# Wagner vs Mussorgsky vs Debussy



## Richannes Wrahms (Jan 6, 2014)

From a previous poll.


----------



## Manxfeeder (Oct 19, 2010)

Apparently Boris is not Goodenuv.


----------



## Rogerx (Apr 27, 2018)

Bizarre question


----------



## Richannes Wrahms (Jan 6, 2014)

Rogerx said:


> Bizarre question


The link is Debussy.


----------



## Red Terror (Dec 10, 2018)

Boris Godunov doesn't belong here. This is really about Pelléas vs. Parsifal and I voted for the former because, as much as I like Wagner, Debussy is higher up in my top 10. 

:tiphat:


----------



## Woodduck (Mar 17, 2014)

Richannes Wrahms said:


> The link is Debussy.


Please accept an A+ for solving the riddle we didn't know you had posed.


----------



## Red Terror (Dec 10, 2018)

Woodduck said:


> Please accept an A+ for solving the riddle we didn't know you had posed.

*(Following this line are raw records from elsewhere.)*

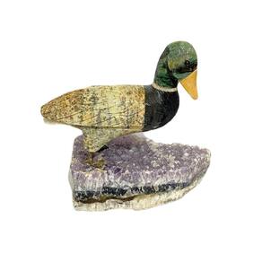 Amostra de Ave esculpida artesanalmente em pedra semipreciosa natural (minerais variados).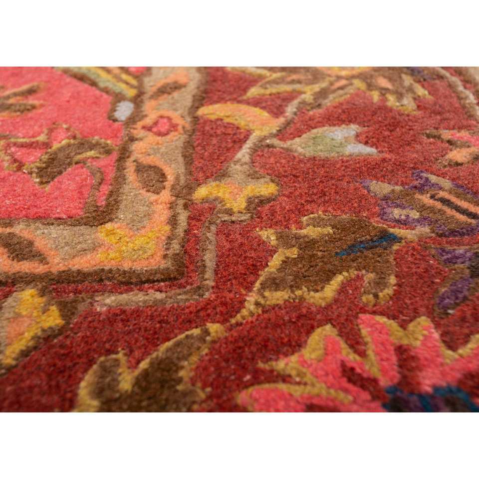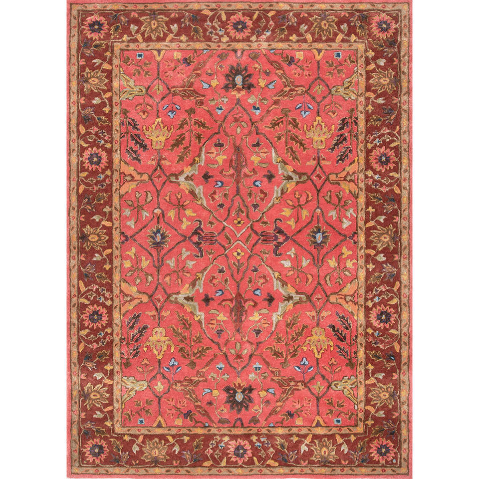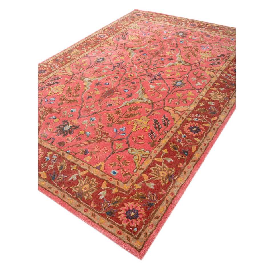 Alfombras Kasbah de Lana y Viscosa Hechas a Mano, Diseño Floral Rojo Naranja con Rayas, Clásicas para el Hogar, Pasillo, Forma Rectangular-Top-1509(Cs-01)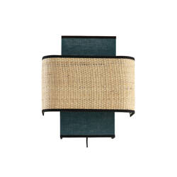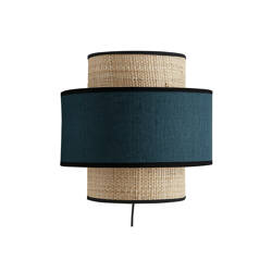 Applique murale bi-matière en rabane et lin bleu canard H24 cm LITCHI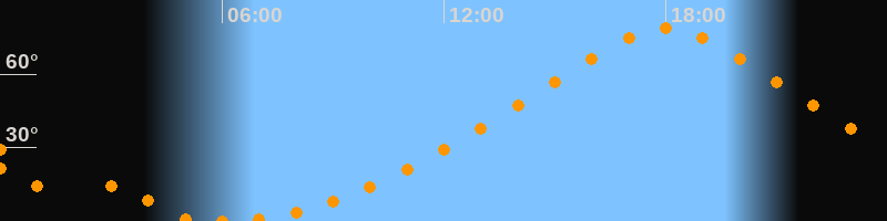 | Höchster Stand (Kulmination) | 18:00 Uhr (h = 78,6°) |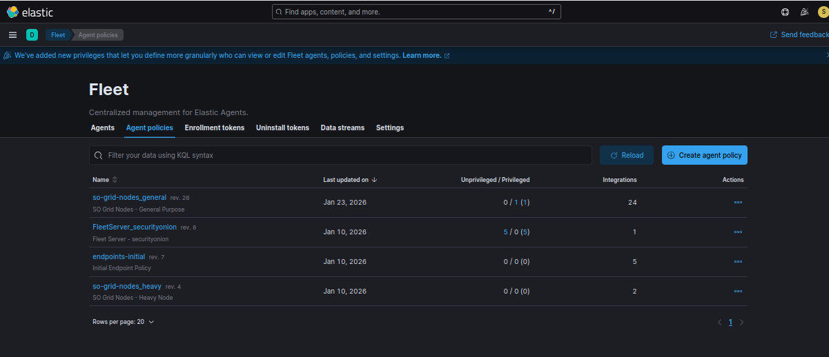 Head to the Security Onion web interface and click Elastic Fleet from the lefthand menu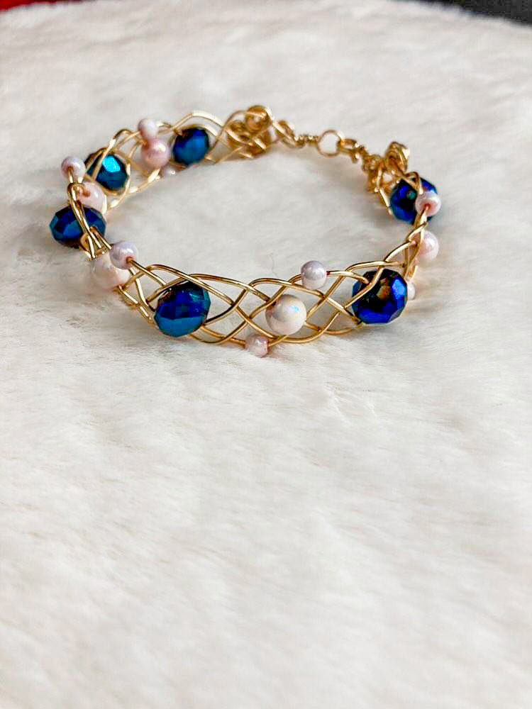 Style your outfits with this cute bracelet! This beaded bracelet is handmade with love! It's made with a wire cord and a handmade finishing clasp.

Wodduck - crucifying TalkCalssical members since 2014.


----------



## Woodduck (Mar 17, 2014)

^^^ Why, thank you, Terror! Actually, RW's post was a hint, and mine was an acknowledgement. Debussy was strongly influenced in composing _Pelleas_ by both _Parsifal_ and _Boris_. That makes him a link between Wagner and Mussorgsky.


----------



## Rogerx (Apr 27, 2018)

Richannes Wrahms said:


> The link is Debussy.


In that case: Pelléas et Mélisande.


----------



## NLAdriaan (Feb 6, 2019)

Debussy wins the game, as in Patisserie vs Bratwurst


----------



## annaw (May 4, 2019)

NLAdriaan said:


> Debussy wins the game, as in Patisserie vs Bratwurst


Bratwurst might still be preferred  .


----------



## NLAdriaan (Feb 6, 2019)

annaw said:


> Bratwurst might still be preferred  .


Of course, there is no absolute taste.


----------



## Richannes Wrahms (Jan 6, 2014)

I do think Boris, at least musically, deserves more recognition.


----------



## Woodduck (Mar 17, 2014)

Richannes Wrahms said:


> I do think Boris, at least musically, deserves more recognition.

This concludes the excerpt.